そう言えば「遊女の滝」なるものが近くにあったなと、だいぶ後になって気づいたほどだ。
「とうとうたらり たらりら」
時知らぬ山にも一度は登ってみたいと思いながら結局踏ん切りがつかず、足柄山から眺めるばかり。そのものぐさぶりは一言では言い尽くせないが、たとえばネットの海で有名な呟き村に入村したときなどは、半年ともたずに退村してしまった。
一度目は二週間経たないほどだったことを思えば、マヌーの夢見る飛躍的変化であったことは間違いない。
「ぷわゎゎ~ ぷわゎゎ~」
ゆえにマヌーが足柄の峠道を歩いて登ることは滅多にない。否、皆無。それでもすれ違った車が山道の怖さをちゃんと知っているか一目でわかるくらいには車で通いつめた。
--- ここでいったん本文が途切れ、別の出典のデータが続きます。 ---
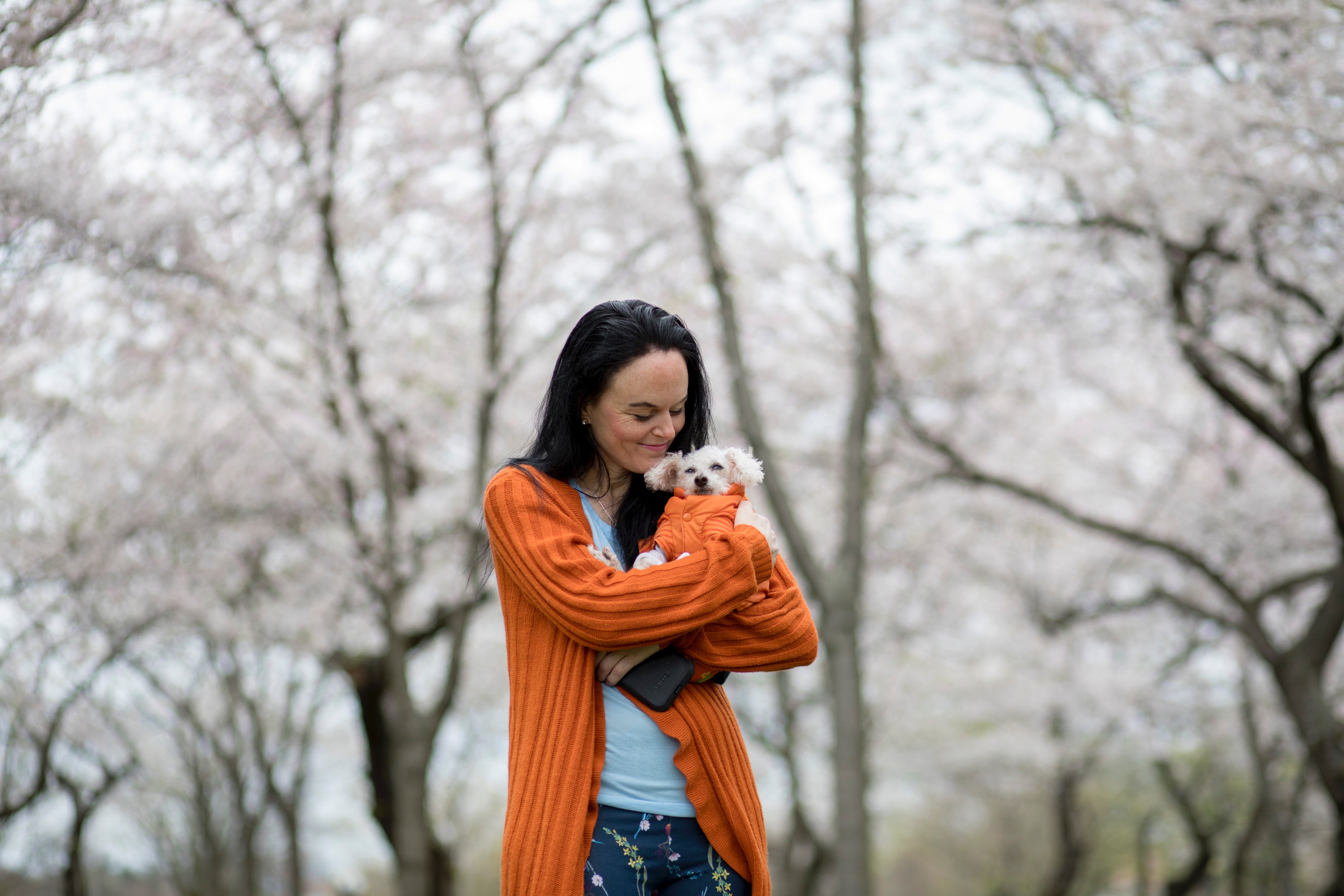 Anna and Moe Blake were wearing matching orange sweaters, posing beneath a grove of cherry trees near the Washington Monument. Moe is a tiny dog. They’re in town from Alabama, where Anna is a server at Red Robin. The restaurant is closed now, so here she is, staying in a hotel—where she sanitized every surface—and ordering takeout.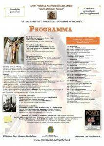 I festeggiamenti proseguiranno venerdì 27 settembre, alle ore 18, con la conferenza su “Il Crocifisso ligneo di fra Umile restaurato”, che si terrà all’interno della Chiesa Madre. L’incontro, che sarà moderato da Enza Luppino, vedrà gli interventi di don Nicola Patti, del sindaco Giuseppe Castiglione, del vescovo Domenico Mogavero, di Giuseppe Marino e di Donatella Vernaccini del Lions club “Fata Morgana”, di Bartolomeo Figuccio, della Soprintendenza ai Beni culturali di Trapani), di don Santo Scileppi, di Giovanni Isgrò di Gaetano Correnti e di Maurizio Vitella.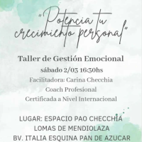 Taller de gestión emocional. La Gestión Emocional, es una habilidad que podemos desarrollar, permitiéndonos potenciar nuestro crecimiento personal. Facilita Carina Cecchia. Cupos limitados. Será en Pan de Azúcar esquina Bv. Italia, de B° Lomas de Mendiolaza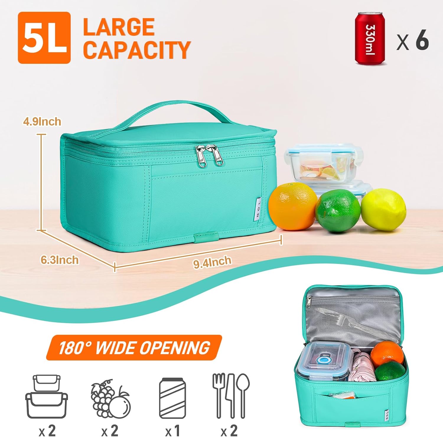- Small Size: This SMALL lunch bag dimensions: 9.4IN x 6.3IN x 4.9IN, which can hold ONE PERSON'S meal. You can put a SMALL lunch box, some snacks, a flatware set and an ice pack or fit 6 cans of 330ml drinks in this mini lunch bag. Mini lunch bag have a soft handle and could easy put into backpack or large handbag. Perfect for work office, travelers. Please don't put ice cubes in lunch bag.
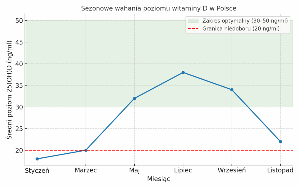 Rycina 1. Sezonowe zmiany orientacyjnego poziomu 25(OH)D w Polsce: latem wartości zwykle mieszczą się w zakresie optymalnym, natomiast zimą częściej spadają w okolice niedoboru, co uzasadnia suplementację w sezonie chłodnym.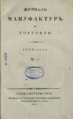 Журнал мануфактур и торговли. 1829, № 7. - Санкт-Петербург, 1829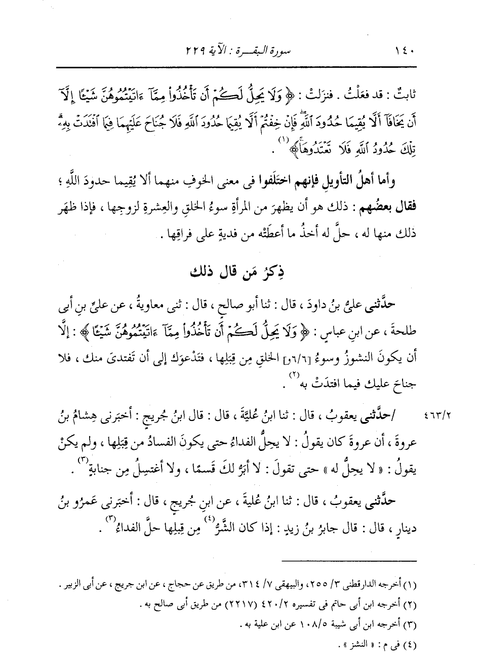 ذِكْرُ مَنْ قَالَ ذَلِكَ حَدَّثَنِي عَلِيُّ بْنُ دَاوُدَ، قَالَ: ثنا أَبُو صَالِحٍ، قَالَ: ثني مُعَاوِيَةُ، عَنْ عَلِيِّ بْنِ أَبِي طَلْحَةَ، عَنِ ابْنِ عَبَّاسٍ: " {§وَلَا يَحِلُّ لَكُمْ أَنْ تَأْخُذُوا مِمَّا آتَيْتُمُوهُنَّ شَيْئًا} [البقرة: 229] إِلَّا أَنْ يَكُونَ النُّشُوزُ، وَسُوءُ الْخُلُقِ مِنْ قِبَلِها، فَتَدْعُوكَ إِلَى أَنْ تَفْتَدِيَ مِنْكَ، فَلَا جُنَاحَ عَلَيْكَ فِيمَا افْتَدَتْ بِهِ "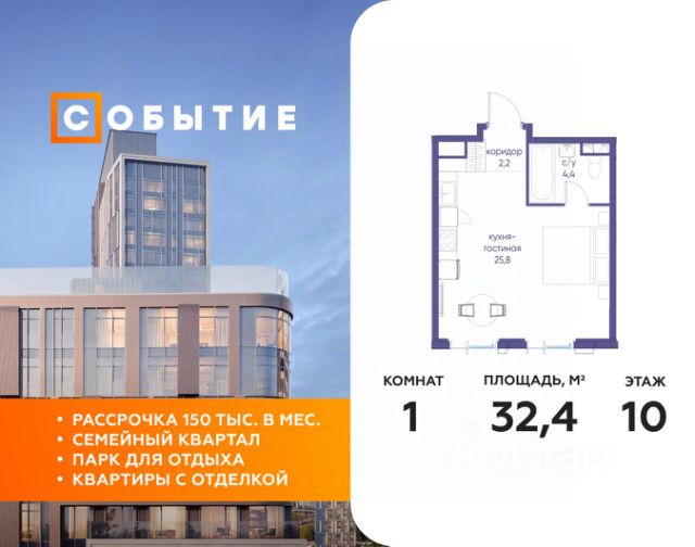 В районе Москворечье-Сабурово продается студия площадью 27.04 м². Она расположена на 14 этаже в 261 корпусе нового жилого квартала Лайф Варшавская. Площадь комнат: спальня — 9,91 м² кухня — 7,64 м² В Лайф Варшавская мы создали идеальные условия для жизни молодых людей и семей с детьми, тинейджеров и спортсменов, домохозяек и бизнесменов. Жилой квартал Лайф Варшавская удачно расположен: 5 минут до станции "Варшавская" 10 минут до станции "Каширская" 18-25 минут до парка-усадьбы "Коломенское", Битцевского леса и музея-заповедника "Царицыно" Богатая инфраструктура — это визитная карточка проекта. На территории работают детский сад на 160 мест и школа на 900 мест с IT-полигоном и мультифункциональным спортивным стадионом. В квартале разместились пешеходный бульвар, игровой плейхаб "Змейка", спортивный кластер с полями для футбола и волейбола, площадка для выгула животных. На первых этажах жилых домов открыты магазины, кафе и рестораны, салоны красоты, арт-галереи, сервисы бытовых услуг, медицинские центры. Концепция жилого квартала создана ведущими архитектурными бюро. Структуры малоэтажных кварталов дополняются высотными башнями-доминантами. Такой тип застройки позволил сформировать освещенную приватную территорию. Продается квартира-студия с балконом в Москве.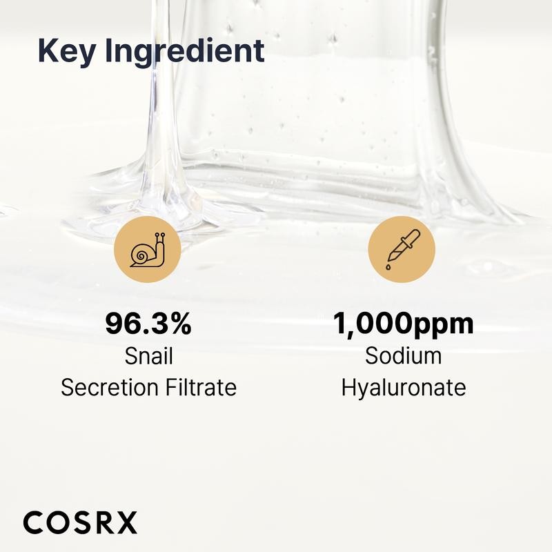 1. Formulated with 96.3% Snail Secretion Filtrate, this essence repairs and rejuvenates dry, aging skin. Skin is brighter, revitalized, and soothed.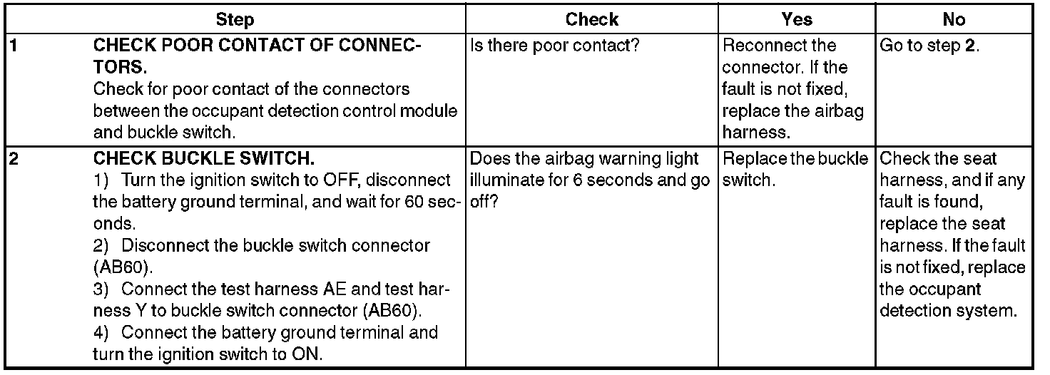 - Passenger's buckle switch circuit is open, shorted or shorted to ground.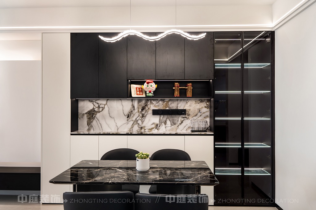 整個家以黑、白、灰為主色調(diào),簡約又高級??蛷d電視墻的設計很有層次,黑白柜體搭配大理石元素,質(zhì)感拉滿;餐廳的黑色大理石餐桌盡顯格調(diào)。玄關的黑色木門和“喜樂平安”的細節(jié),又添了幾分溫馨。廚房的灰色系櫥柜實用又美觀,衛(wèi)生間把洗衣區(qū)和洗漱區(qū)結合,大理石臺面太顯質(zhì)感了!整體風格利落大氣,每一處都透著精致,是現(xiàn)代年輕人都愛的極簡高級感沒錯了~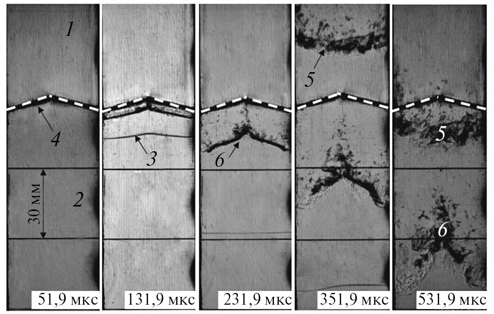 На рис. 2 и 3 представлены кинограммы некоторых экспериментов. На кинограммах М – число Маха падающей на КГ1 ударной волны.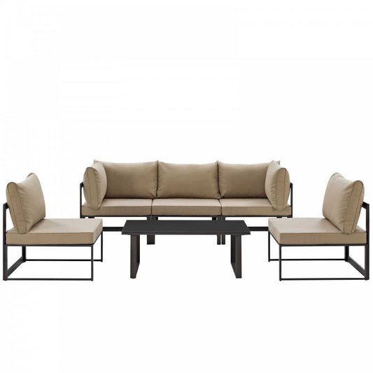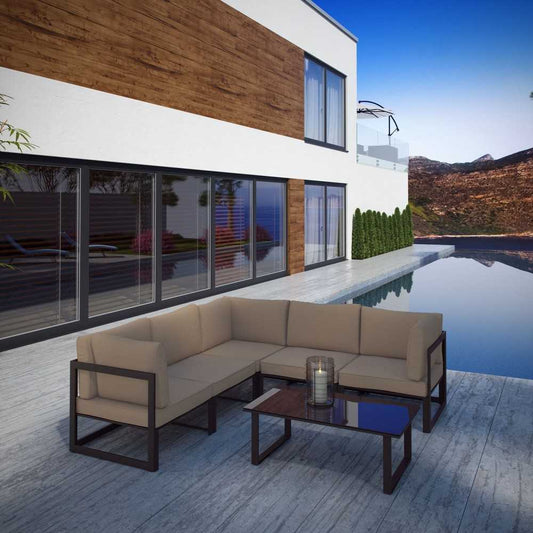 Fortuna 6 Piece Outdoor Patio Sectional Sofa Set, Brown Mocha, EEI-1723-BRN-MOC-SET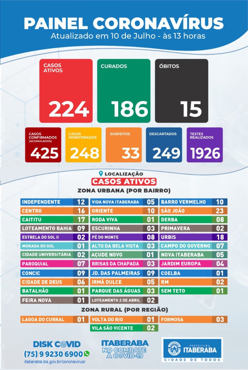 A Prefeitura de Itaberaba, através da Secretaria Municipal de Saúde (Sesau), assim como da Coordenação de Vigilância em Saúde e da Câmara Técnica (CT) de enfrentamento da pandemia do novo coronavírus, informa o Boletim Oficial 10/07 que, nesta sexta-feira (10), registrou 23 novos casos da COVID-19. Por outro lado, o número de pessoas curadas permaneceu estável em 186 casos. Também, não foram registrados novos óbitos pela doença.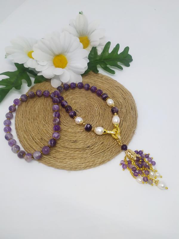 Кольє трансформер з аметистом та перлами "бузковий цвіт"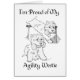 Vertel de wereld hoe je je voelt over die speciale West Highland White Terrier die uitblinkt in Agility! Ik ben trots op mijn behendigheid Westie! Dit ontwerp is creëer van mijn originele pen en inktschetskunst en is beschikbaar op kleding, artikelen voor nieuwheid en cadeautjes!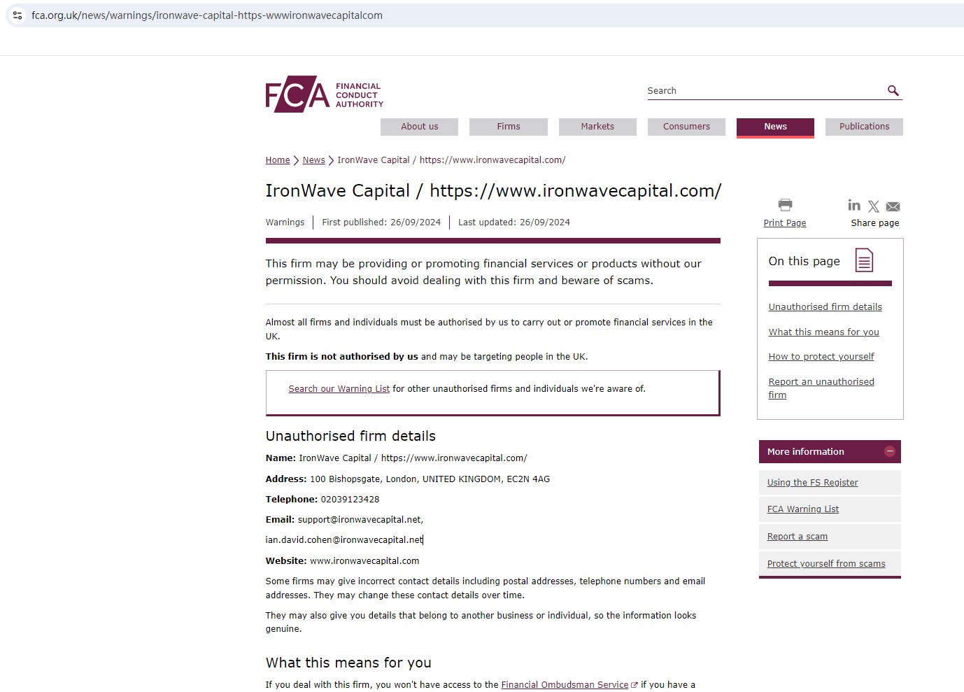 Ironwave Capital appears to be a scam.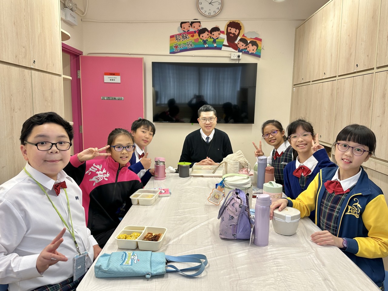 每年學校都有一個特別機會讓李校長與同學一同午膳,聽聽同學們分享校園點滴,李校長亦會解答同學們的問題,今年「與校長午餐共享時光」活動從5-6年級開始。這不僅是與校長一起享用午飯,更是我們彼此心靈交流的機會,

都落ちしたばかりの頃などは狂ったように山に通った。それはもう数えきれないほどだ。
「たらりあがりららりとう」
先が見えないほどの曲がり道を勢いよくセンターラインがっつり越えて来るような車がいることを思えば、ほとんど車も人も通らないど田舎の峠道を毎度毎度カーブ手前で律儀に減速するマヌーはむしろ、安全運転を心がけているものぐさのかがみと言えよう。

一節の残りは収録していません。